Thursday, December 25, 2008


Holiday Movie Category: Saving Private Jesus


No Santa, no reindeer, no Wal-Mart, no fruitcake, no greeting cards, no turkey, no presents, no wrapping paper, no cheap sentiment, only a moving statement on the human condition in times of morbid desperation. Oh, and candy canes!

More details here.


X-mas Eve, 1914, the Western Front. The Scotts, the French, and their enemy the Germans are in a stalled battled and everyone’s nerves on are edge on all sides. We meet two Scottish brothers and their vicar who enlisted in the army after the declaration of war was announced. One of the brothers dies in battle and the vicar, now a tough-as-nails medic, tries to comfort the other anguished brother. We meet an officious French lieutenant who must deal with his equally officious General father and his high expectations. And we meet German husband/wife opera singers separated by the war, but reunited on X-mas Eve to sing to the troops in the trenches. In one miraculous moment, the three factions are united by song and they agree to an unofficial X-mas ceasefire. They sing, drink, bury their dead, and play football the following morning. Unfortunately, they all must face the consequences for their actions for displaying humanity in an inhumane situation but the impact of this true story left a mark on the legacy of World War I and the unifying power of the holiday.

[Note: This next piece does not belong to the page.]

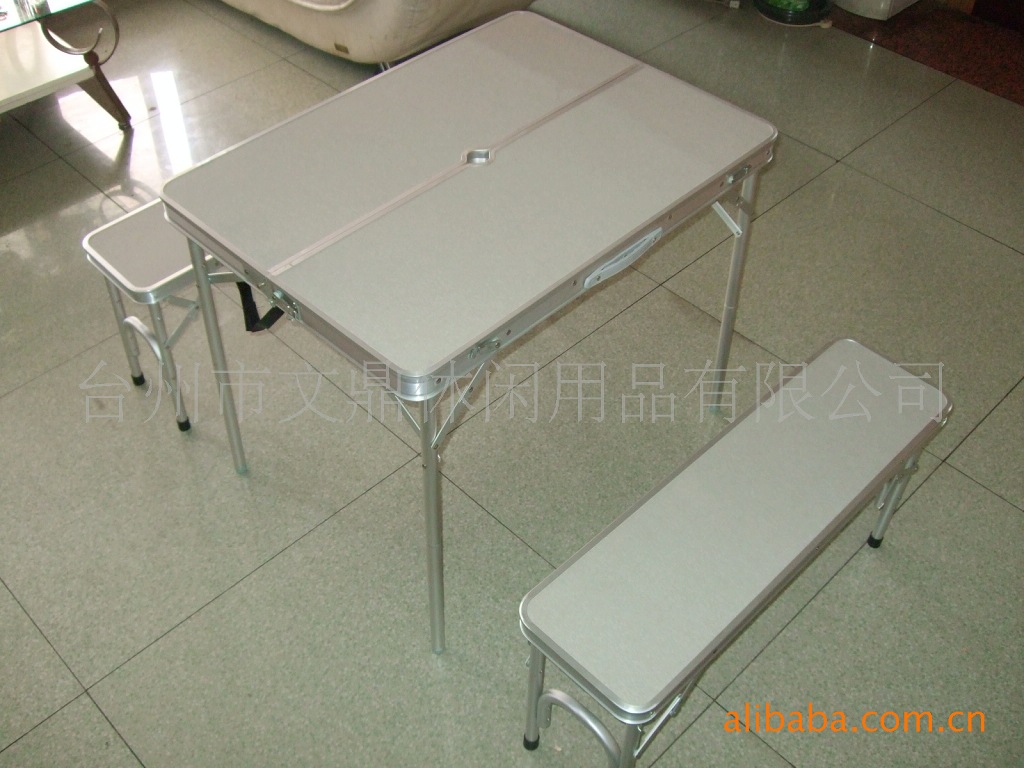 该桌子外观只有手提箱大小,展开后,就是一张联体的桌子跟四张凳子。方便携带,折叠起来的尺寸:长90公分 X 宽39公分 X 厚12公分。打开与收起桌子一分钟不到就可完成。 无论是野外朋友聚会或野餐;还是户外展示活动、促销宣传活动;或是大型户外会展与联艺活动,该产品都可以随你的布置轻松摆放,开收自如。 特别是有车一族,带着家人到郊外运动、野餐,时常为没凳子、桌子而烦恼,特别是下过雨之后,铺报纸不行,铺朔料薄膜也座得不舒服,还要受小虫子的干扰,连座的地方动没有! 现在起,这些将不再是困绕我们的问题! 本厂家的产品质量保证,能承受近千斤的重量,材质可分为蒴料面,宽竹面,铝合金,杉木面.....色彩最全,款式最多,任君选择. 欢迎各企事业单位\商家订购,合作,共同开发市场.

Joyeux Noel is a heartfelt, visually arresting film with a somber, if a bit heavy-handed, anti-war message. The film focuses not so much about the brutality and mindlessness of war (a given); it’s more about the simple things that unite human beings despite our tenacity to kill each other. However, at times the movie may be a little too eager to uplift, given that the true outcome of the truce and the fate of the men who participated is kind of a downer. But the film manages to make up for with terrific characters and wonderful ending. The story of the X-mas truce is a remarkable one and Joyeux Noel tells it with gentile humor and simple grace. And it’s comforting to know that for one brief moment in history a group of men was able to put down their guns, share some cheer, and forget the war if only for a single day.